[Opening Listed records section]

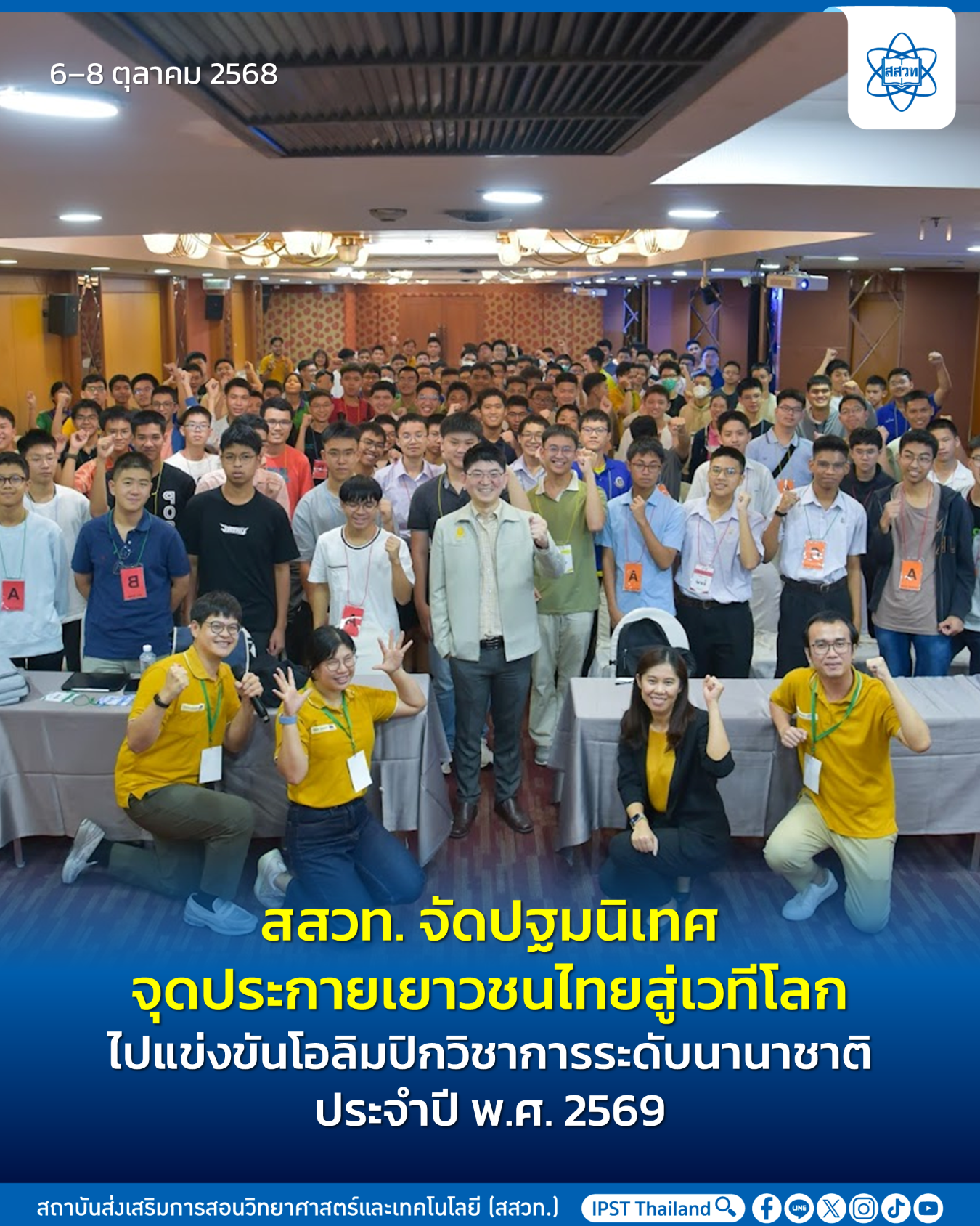สถาบันส่งเสริมการสอนวิทยาศาสตร์และเทคโนโลยี (สสวท.) จัดปฐมนิเทศการอบรมคัดเลือก ครั้งที่ 1 โครงการจัดส่งผู้แทนประเทศไทยไปแข่งขันคณิตศาสตร์ วิทยาศาสตร์โอลิมปิกระหว่างประเทศ ประจำปี พ.ศ. 2569 ระหว่างวันที่ 6–8 ตุลาคม 2568 ณ โรงแรมแกรนด์ ทาวน์เวอร์อินน์ กรุงเทพฯ โดยมี รองศาสตราจารย์ ดร.ธีระเดช เจียรสุขสกุล ผู้อำนวยการ สสวท. เป็นประธาน เปิดการอบรม พร้อมกล่าวให้โอวาทและแนะแนวทางการพัฒนาเยาวชนไทยให้มีศักยภาพด้านวิทยาศาสตร์และเทคโนโลยีอย่างรอบด้าน พร้อมด้วย นางสาวรัชดา ยาตรา ผู้อำนวยการฝ่ายโอลิมปิกวิชาการและอัจฉริยภาพ เจ้าหน้าที่ สสวท. และนักเรียนที่ผ่านการคัดเลือกจากทั่วประเทศเข้าร่วมกิจกรรมการปฐมนเทศ กว่า 120 คน ที่ประกอบด้วยนักเรียนวิชาคณิตศาสตร์ คอมพิวเตอร์ เคมี และฟิสิกส์ เพื่อเตรียมความพร้อมด้านความรู้ ทักษะ และทัศนคติที่จำเป็นต่อการเป็นตัวแทนประเทศไทยในเวทีระดับนานาชาติ รวมถึงชี้แจง รายละเอียการอบรมคัดเลือก ครั้งที่ 1 และการประชาสัมพันธ์ทุนโอลิมปิกวิชาการฯ ในครั้งนี้ด้วย
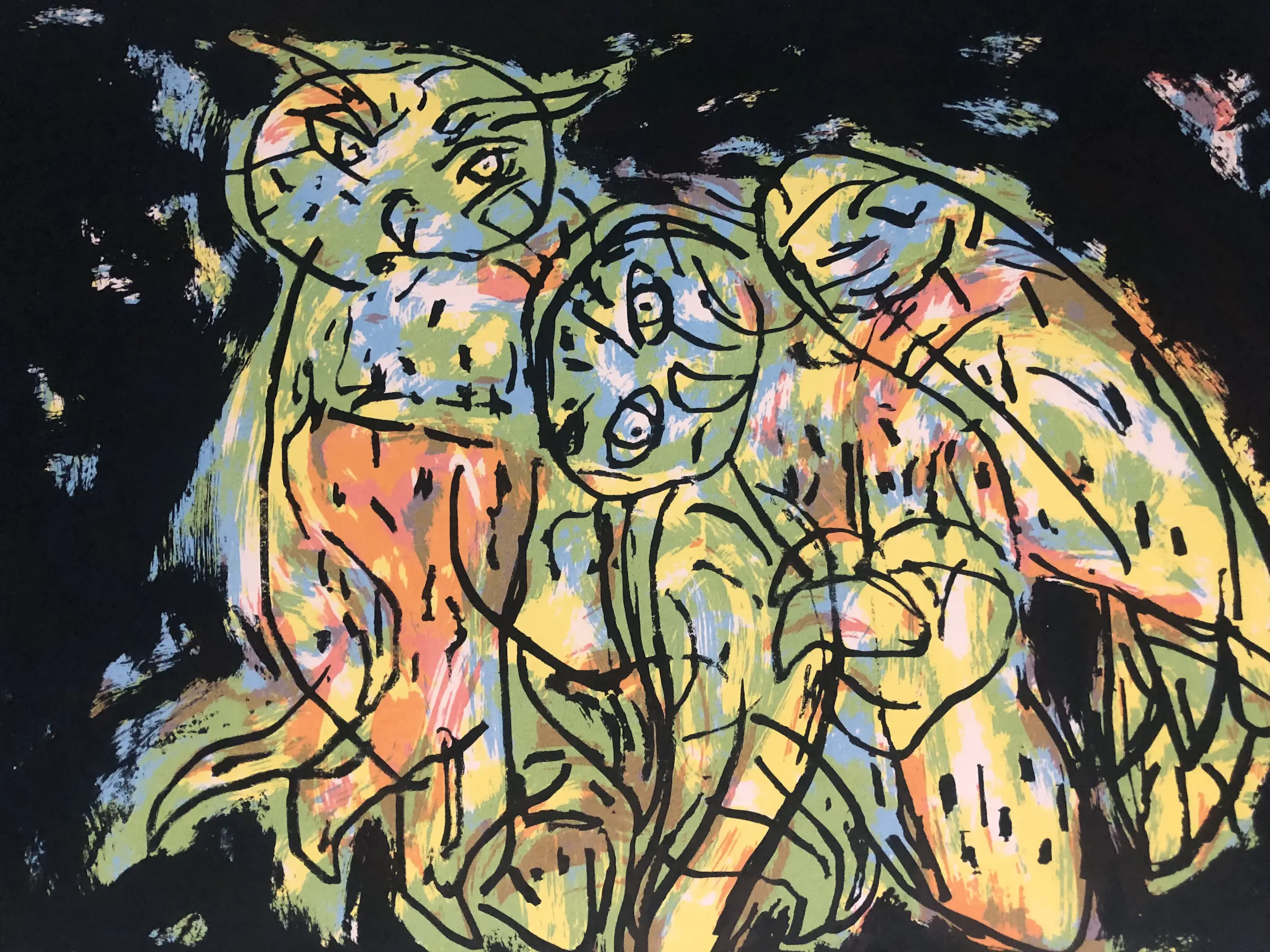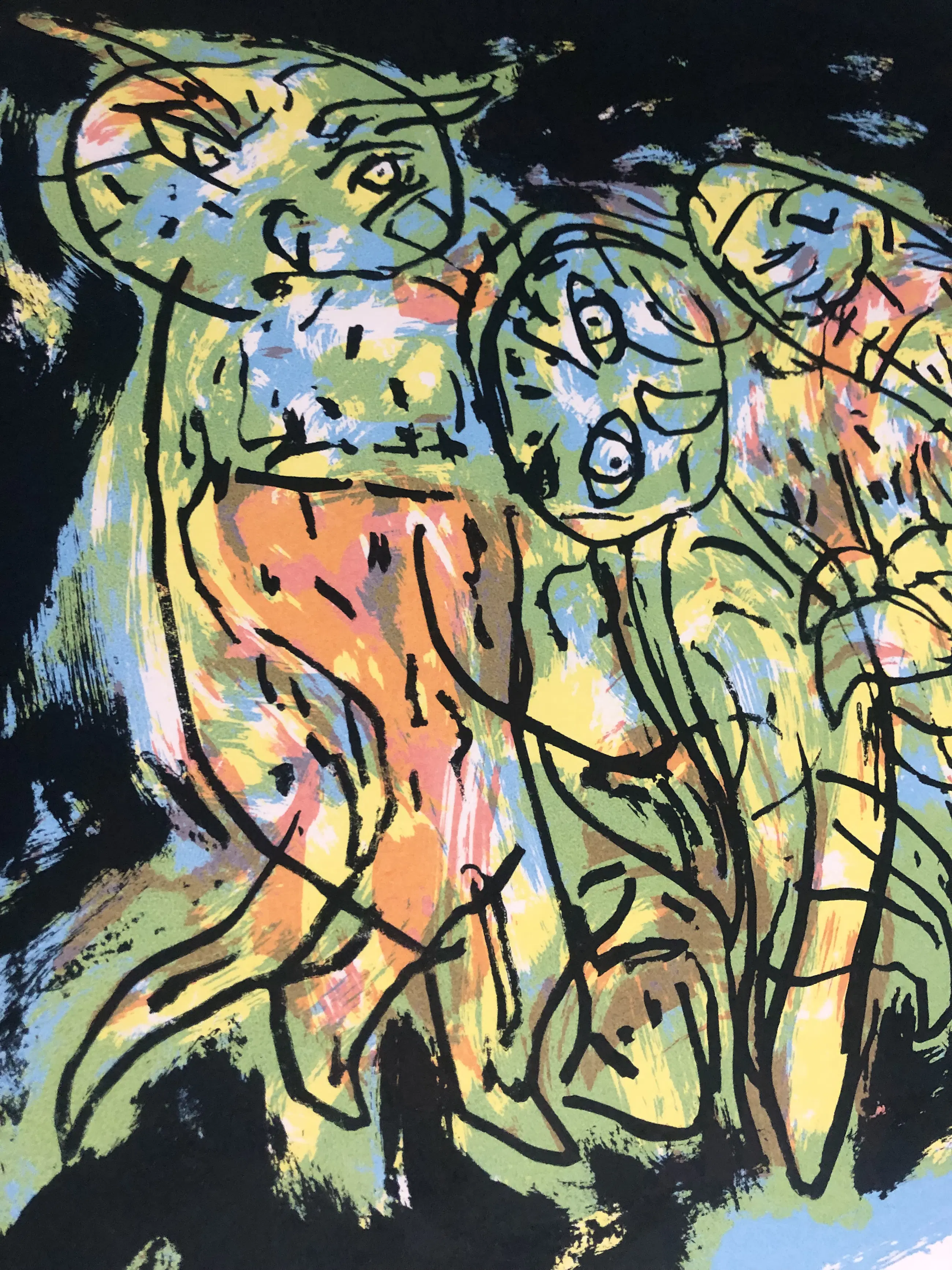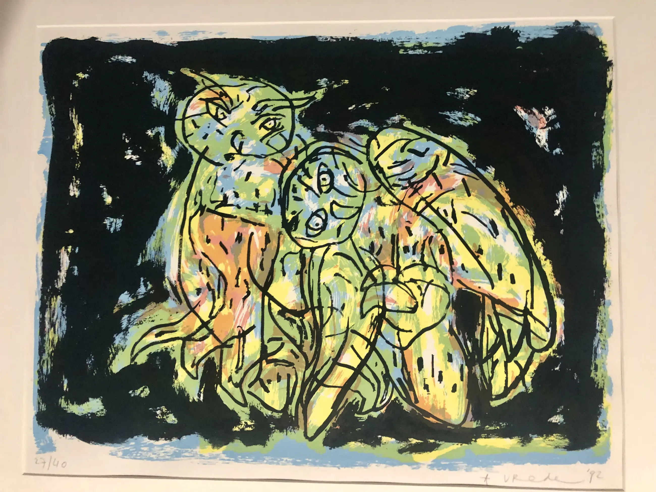 Krachtig en kleurig expressief werk van Anton Vrede gevat in een nette lijst en passe-partout.
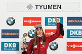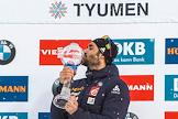 Кубок мира-2017/18 по биатлону. 9-й этап. Французский биатлонист Мартен Фуркад во время церемонии награждения.
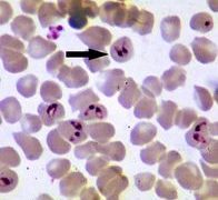 多型バベシア(Babesia divergens)、小形のBebesia属原虫で、形態学的にB.bovisに似ていますが、洋ナシ状虫体はこれよりすこし小さく(1.5 x 0.4㎛)、赤血球の周縁部に寄生します。対をなす洋なし状虫体のなす角度...
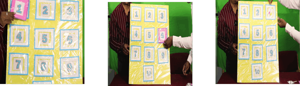 - Print out or write the numbers 1 to 10 on 8×8 cm-sized sheets.
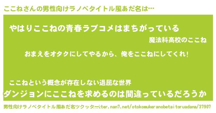 | 女子向けラノベタイトル風あだ名 | 『ここね夫妻のなれそめ』 |
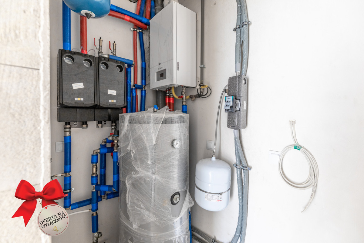 Ogrzewanie kocioł gazowy kondensacyjny - De Dietrich, Woda, dwa szambo, prąd, gaz. Ogrzewanie podłogowe, wentylacja grawitacyjna, instalacja solarna wraz z urządzeniami, termostaty ( indywidualne sterowanie każdego pomieszczenia)
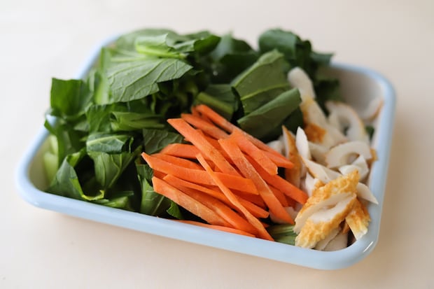 1. 小松菜は3cm幅に切り、ちくわは縦半分に切って斜めに8mm幅に切る。にんじんは2mm幅に切る。
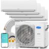 - ❄️ 100% Satisfaction: Pre-charged up to 25 feet System comes with 4 indoor units, 1 outdoor unit, 4 remote controls and 4 line set in 25ft. Please remain upright for 24 hours before installation. Professional licensed HVAC technician installation recommended for optimal performance and safety (extra power cord is needed). Please schedule installation after receiving both 9 seperate boxes (delivery-time may vary)
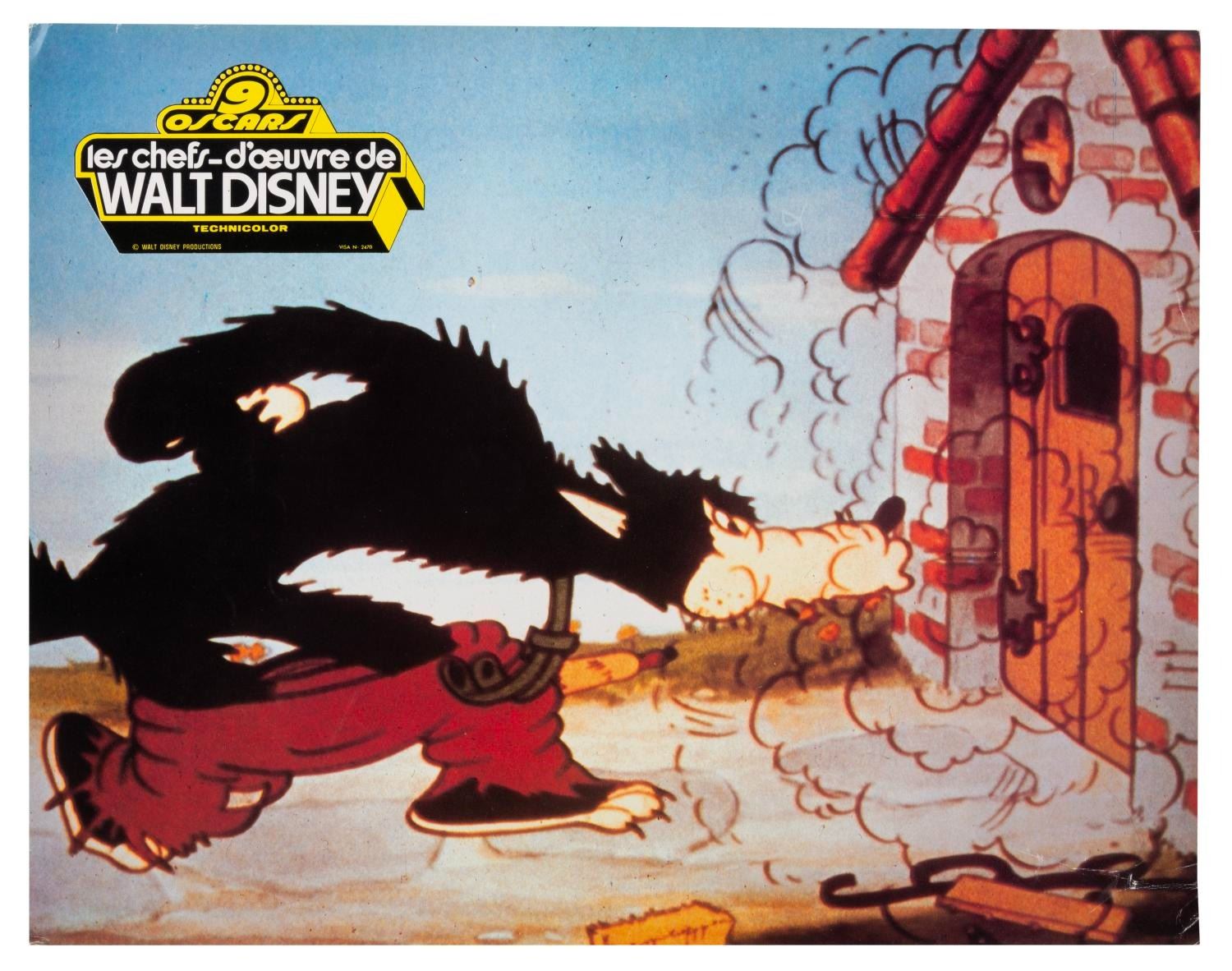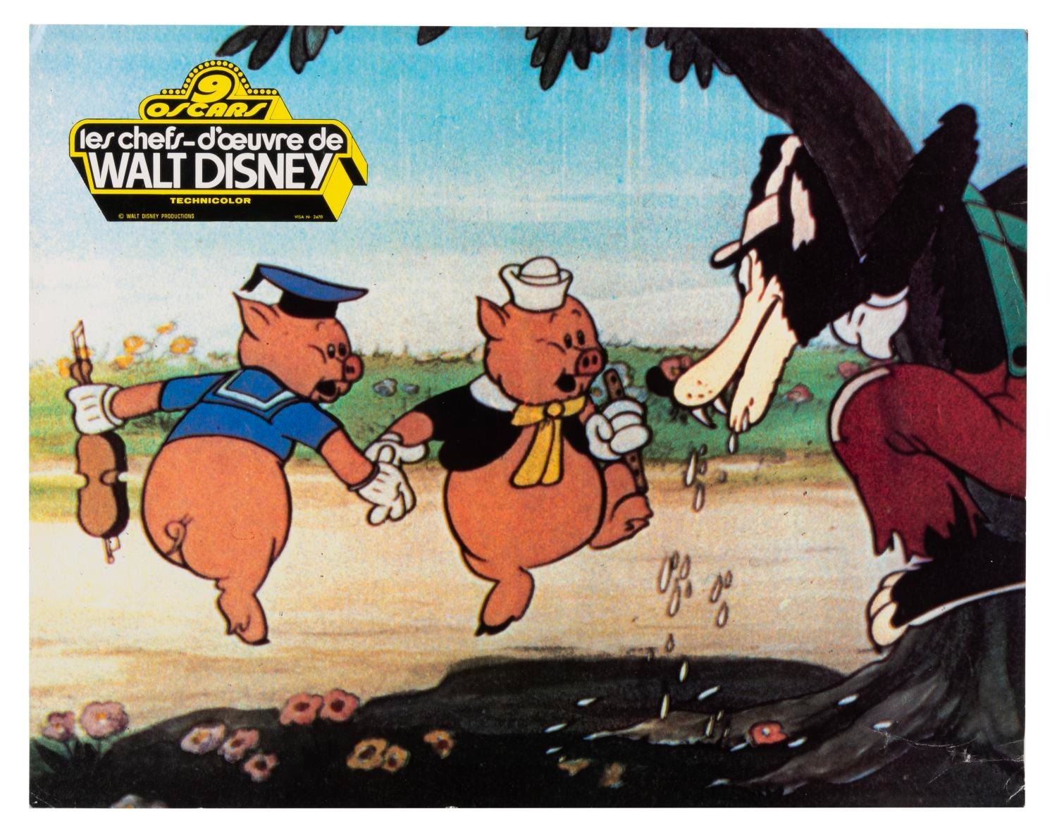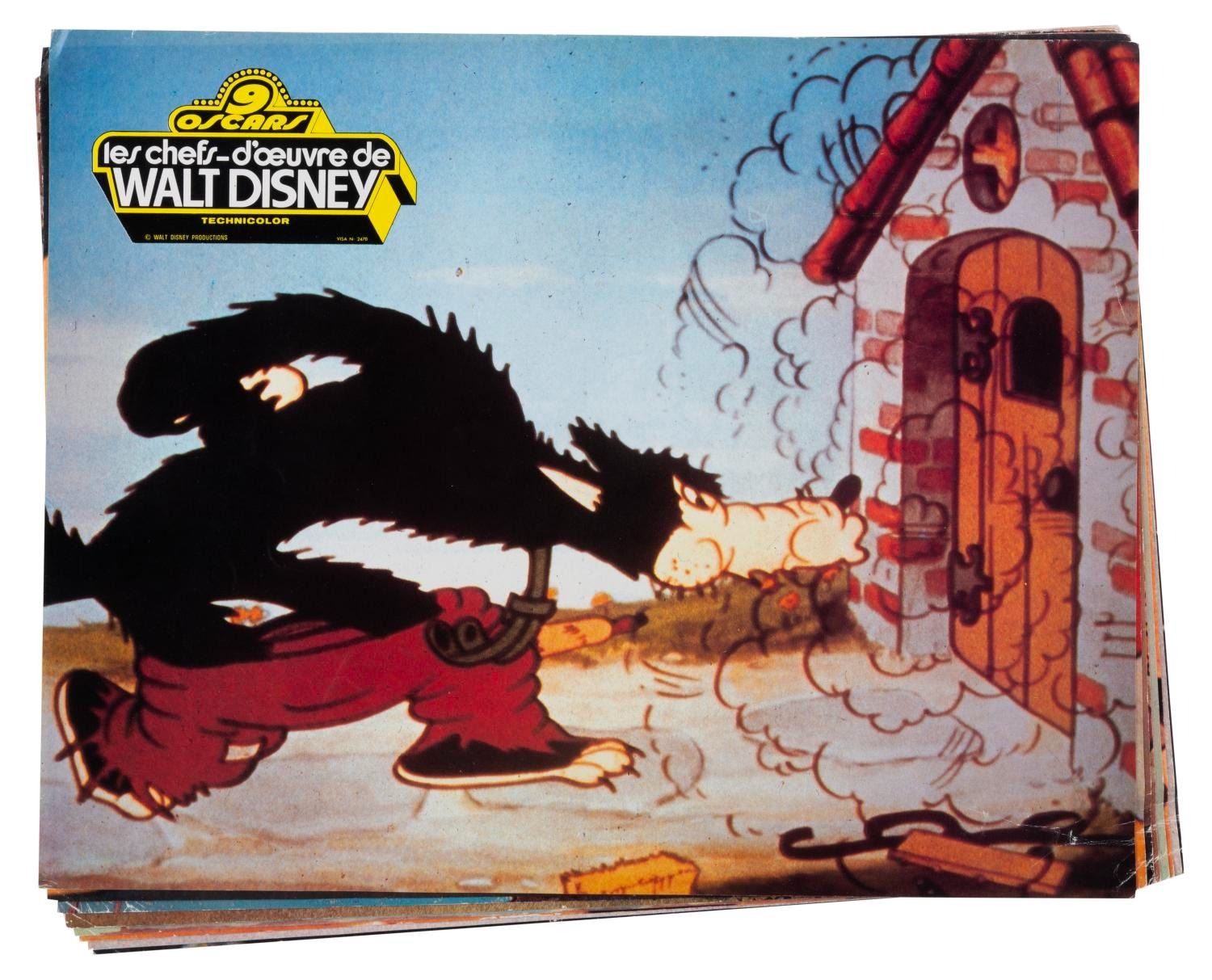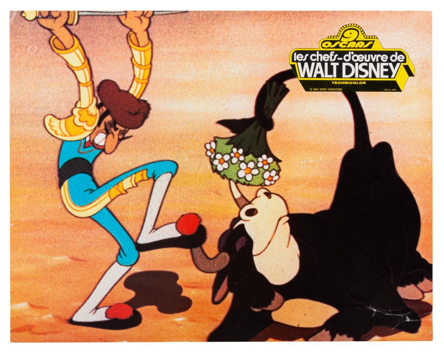 (Disney, 1966) A collection of eight French publicity photos from the 1966 compilation of the Disney Studios' nine Academy Award-winning short films, "Walt Disney's Masterpieces." Included are photos from the shorts "Three Little Pigs," "The Ugly Duckling," "Flowers and Trees," "Ferdinand the Bull," and more. Measuring 9.5" x 12", the photos are in good condition with creasing, edge wear, adhesive residu,e and folds.

[Closing Listed records section]

Task directions
Extract the part of the records that opens with the line containing "Krachtig en kleurig" and closes with the line containing "Ogrzewanie kocioł gazowy". Take only those lines, exactly, and no pictures.

Answer section
 Krachtig en kleurig expressief werk van Anton Vrede gevat in een nette lijst en passe-partout.
 Кубок мира-2017/18 по биатлону. 9-й этап. Французский биатлонист Мартен Фуркад во время церемонии награждения.
 多型バベシア(Babesia divergens)、小形のBebesia属原虫で、形態学的にB.bovisに似ていますが、洋ナシ状虫体はこれよりすこし小さく(1.5 x 0.4㎛)、赤血球の周縁部に寄生します。対をなす洋なし状虫体のなす角度...
 - Print out or write the numbers 1 to 10 on 8×8 cm-sized sheets.
 | 女子向けラノベタイトル風あだ名 | 『ここね夫妻のなれそめ』 |
 Ogrzewanie kocioł gazowy kondensacyjny - De Dietrich, Woda, dwa szambo, prąd, gaz. Ogrzewanie podłogowe, wentylacja grawitacyjna, instalacja solarna wraz z urządzeniami, termostaty ( indywidualne sterowanie każdego pomieszczenia)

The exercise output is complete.